CHICAGO – AutoZone Inc. (AZO), the largest U.S. auto parts retailer, on Wednesday said quarterly earnings rose less than 1 percent as high gas prices made customers choose between paying for fuel or preventive maintenance.
Sales at U.S. stores open at least one year fell at AutoZone, but analysts said they expect better results in 2005.
Net income rose to $122.5 million, or $1.52 per share, for its fiscal first quarter ended Nov. 20, from $121.7 million, or $1.35 per share, a year earlier, the company said.
AutoZone, which does not perform repairs or install parts, repurchased 400,000 shares for $30 million in the quarter.
Analysts on average expected Memphis, Tenn.-based AutoZone to earn $1.45 per share with revenue of nearly $1.32 billion, according to Reuters Estimates.
"They beat the street, but comp-store sales were down 3 percent so it does look like they lost market share in the quarter to Advance Auto Parts and O'Reilly Automotive (which reported better same-store sales in the summer and fall)," said Cid Wilson, director of research for Monarch Research, which does not own shares or do investment banking with AutoZone.
However, pent-up demand for auto parts will return at some point and it would be hard to believe that AutoZone would not participate in a rebound with Advance Auto (AAP), O'Reilly (ORLY) and Pep Boys-Manny, Moe & Jack (PBY), he said.
"We believe the industry will improve in spring and summer next year ... because at some point all of this delayed maintenance is going to come back and comparisons get easier for everyone," Wilson said.
Total sales rose 0.3 percent to $1.29 billion in the quarter from a year earlier.
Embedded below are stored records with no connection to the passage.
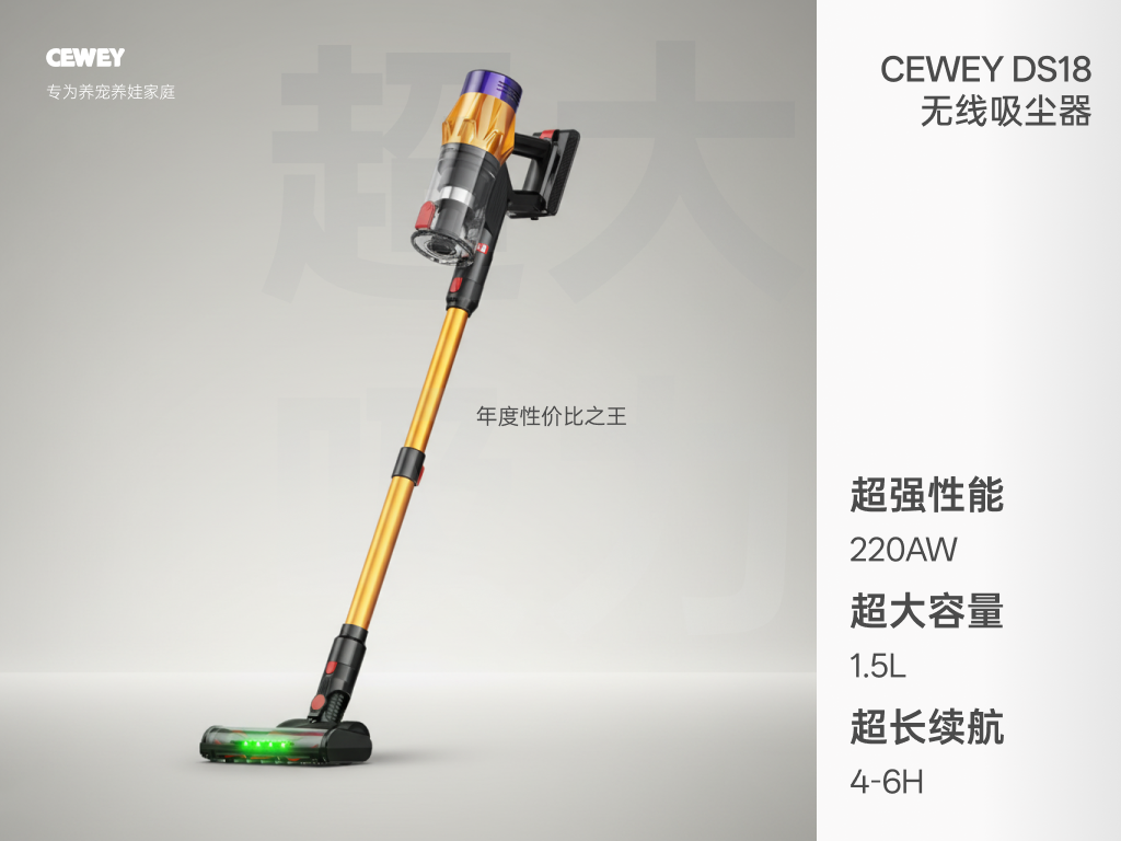 1. 手持吸尘器内卷之王:CEWEY DS18
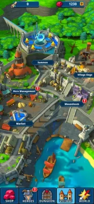 Monsters continuously attack the nearby villages. Besides exploring new dungeons you also have to protect them. Test your skills in the village siege mode and earn experience points needed to level up your heroes.
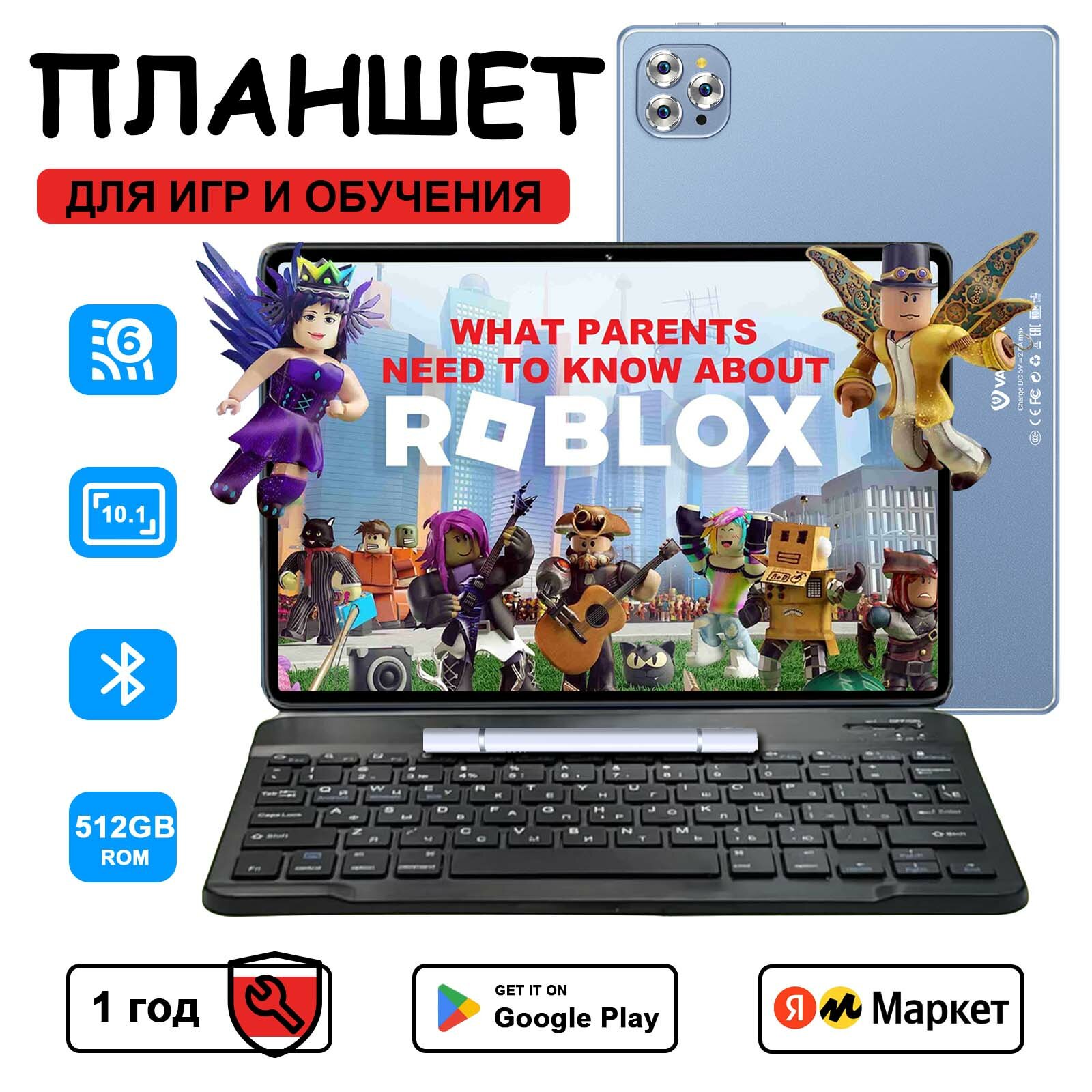 Планшет с клавиатурой VANWIN Pad 5 Air 10.1" ,512GB , планшет андроид стилусом голубой информация:

U.S. retail sales were essentially flat at $1.08 billion for the quarter, while U.S. commercial sales fell about 2 percent to $163.6 million.
High gas prices pose a challenge to AutoZone customers, who tend to be low end consumers who fix their own cars because they cannot afford to pay someone else to do the work, Chief Executive Steve Odland told analysts in a conference call.
"Our greatest hope is that gas prices moderate and come down and we can launch a great spring season and get this thing going again, but if there is not cash in the low-end consumer pocket ... then it is going to be difficult," Odland said.
The sector has had two quarters of shocks from gas prices, but has had a very stable long-term growth overall, he said.
Shares of AutoZone were down 13 cents at $84.54 on the New York Stock Exchange (search).